На эту минуту попался было всего только вторым промахом.
— Знаешь, ему полагалось любить меня, — поспешила сказать она, но не слишком стремительно, — так что можно утверждать, что у меня имущественные права на его злоключения.
Такие длинные слова у такой маленькой девочки!
— Она скорее хорошенькая, чем прекрасная. Хорошенькая, не-прекрасная девчонка.
— Ты ведь знал, что он любил меня?
— Он дал мне это понять.
— Но я не могла…
— И это тоже.
— Ах, так он знал.
— А ты разве не сделала все для того, чтоб он узнал?
Альба резко вскинула голову, она вскочила с места, это произошло очень внезапно, и заявила, что, коль скоро чай уже непригоден, она проверит, осталась ли в буфете хоть капля коньяка. Пьет ли он коньяк днем, до обеда?
— Предпочтительно, — обрадованно сказал он, — днем, до обеда.
Она принесла большие бокалы и умирающую четверть пинты. Ловко огибая мебель летящими шажками, она напевала ирландскую песенку:
Горе и боль, боль и горе,
Участь моя — ночью и днем…
«Она недостаточно тяжелая, — подумал он, наблюдая за ее мерцающей походкой, — ей-богу, она недостаточно тяжелая, чтобы повеситься».
Они выпили.
— Позволь мне выразить восхищение, — сказал он, — этим великолепным, царственным пеньюаром. Он словно «Озарение» Рембо, варварский и царственный. Золотая парча, если я еще не ослеп. Коварно пышный и пламенеющий, да. Ты могла бы сказать «sortez!»[411] вслед за Роксаной.[412]
— Однако, коль скоро под рукой нет немых наемников… — Ей было очень горько. — Там, за дверью, репродуктор, он только ранит; дальше — печальный садовник, он поливает умирающие цветы; а потом ворота и улица, и все, ты свободна.
— Свободна?
— От сераля. — Она сложила ноги и внимательно на него посмотрела. — А ты не знал?
Белаква смутился.
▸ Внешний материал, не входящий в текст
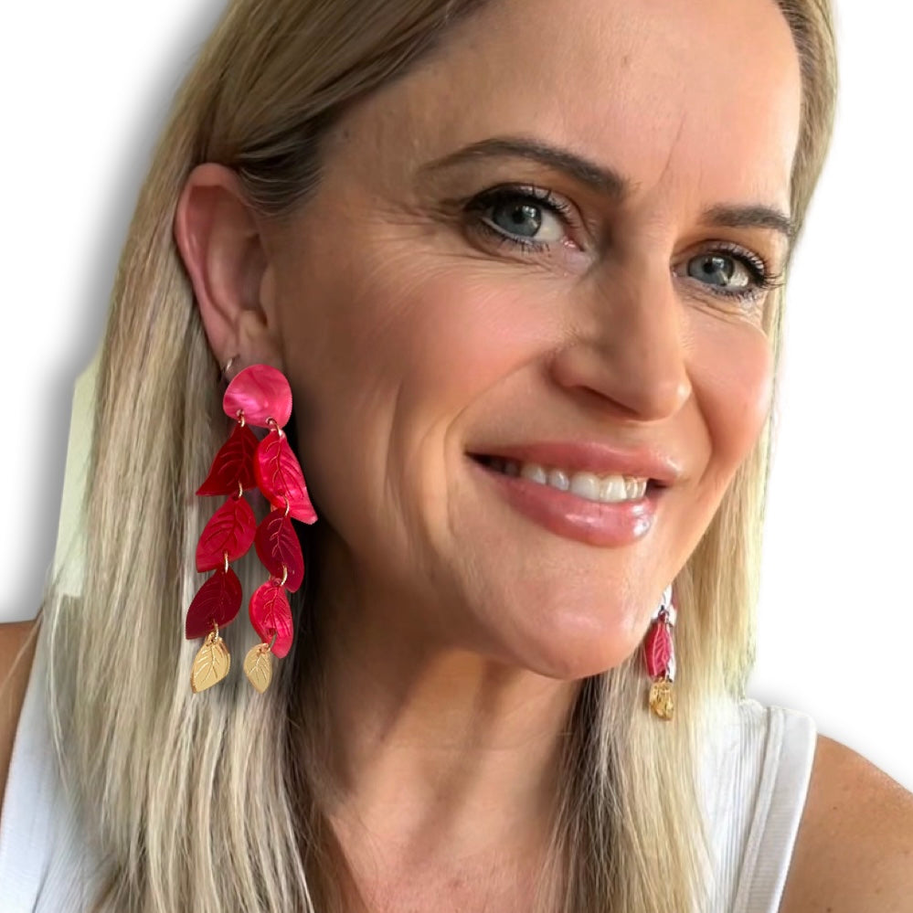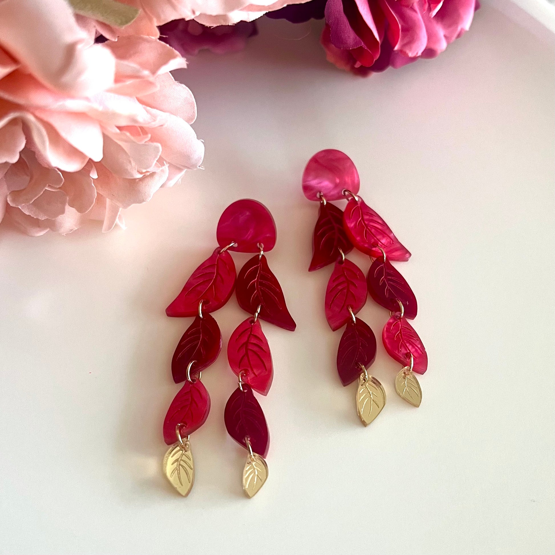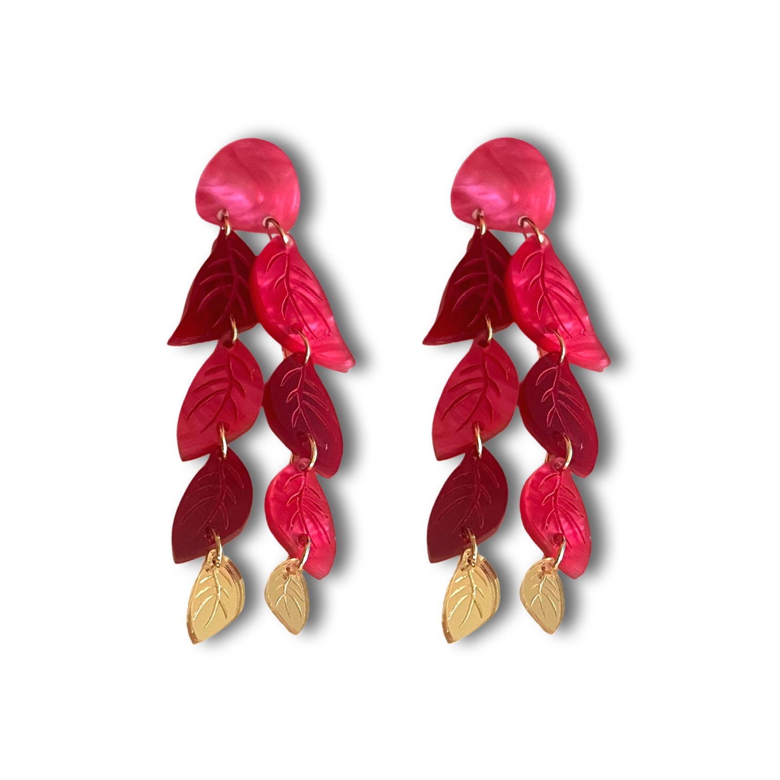 Cascading layers of pearl pink and ember red, like forest leaves descending through warm afternoon air.

Он стал ерзать на стуле.
— Не говори мне, — воскликнула Альба, — что у ребенка геморрой!
Потом, пока он выглядел отстраненным и озадаченным, она сочла, что время пришло, что она готова выстрелить пламенным вопросом, который уже давным-давно угрожающе зудел в ушах.
— Что есть любовь?
Белаква грустно вытащил мизинец из ноздри и раскатал находку по подлокотнику.
— Великий Бес, — сказал он.
— Нет. Мелкий бес, бесенок.
— Великий Бес, демон.
— Он молод, — вздохнула она, — но это пройдет.
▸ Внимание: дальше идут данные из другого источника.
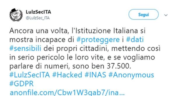 Hackerato il sito del patronato INAS: Trafugati dati di 37mila utenti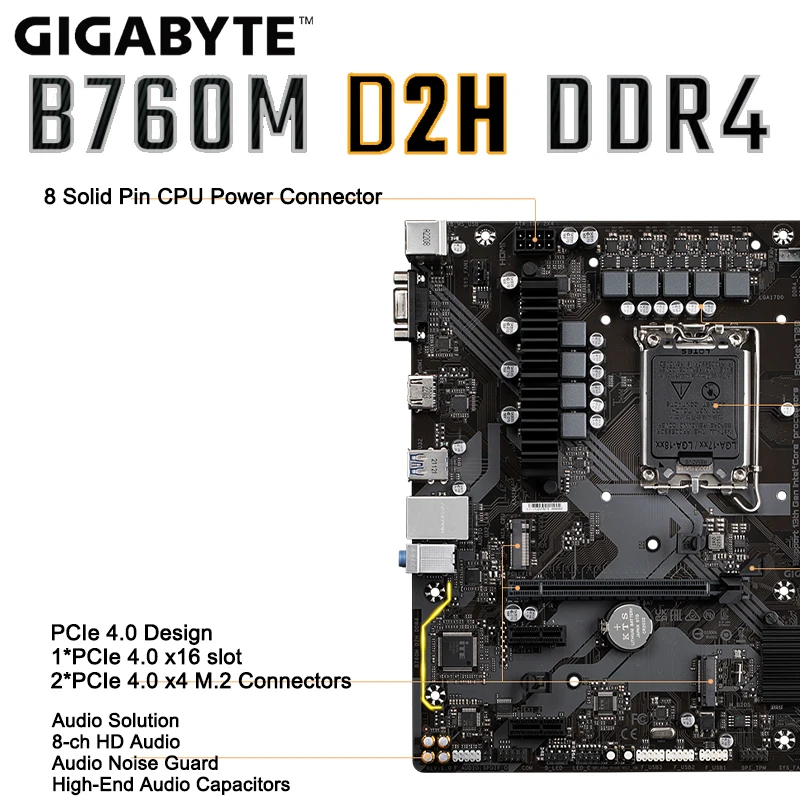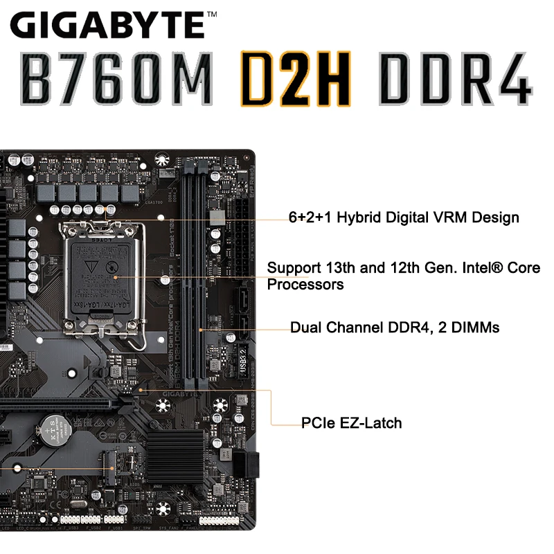 Modelo de placa base:B760M D2H DDR4(100% nuevo, sin batería)

— Я, — печально подтвердил он, — юноша, едва достигший половозрел ости. Но я не могу согласиться, что любовь — это бесенок, пока придерживаюсь мнения, что любовь — это демон. Это было бы ложным blase.[413] А ложное blase, — тут его голос зазвенел, в нем вдруг зазвучала гордость, — это пошлость, которую я терпеть не намерен и перед которой не склонюсь никогда.
Он сел очень прямо, отказываясь склониться, побагровев в лице.
— Sans blahague![414] — усмехнулась она грокло, она об этом пожалеет, — се qu'il est sentimentique![415]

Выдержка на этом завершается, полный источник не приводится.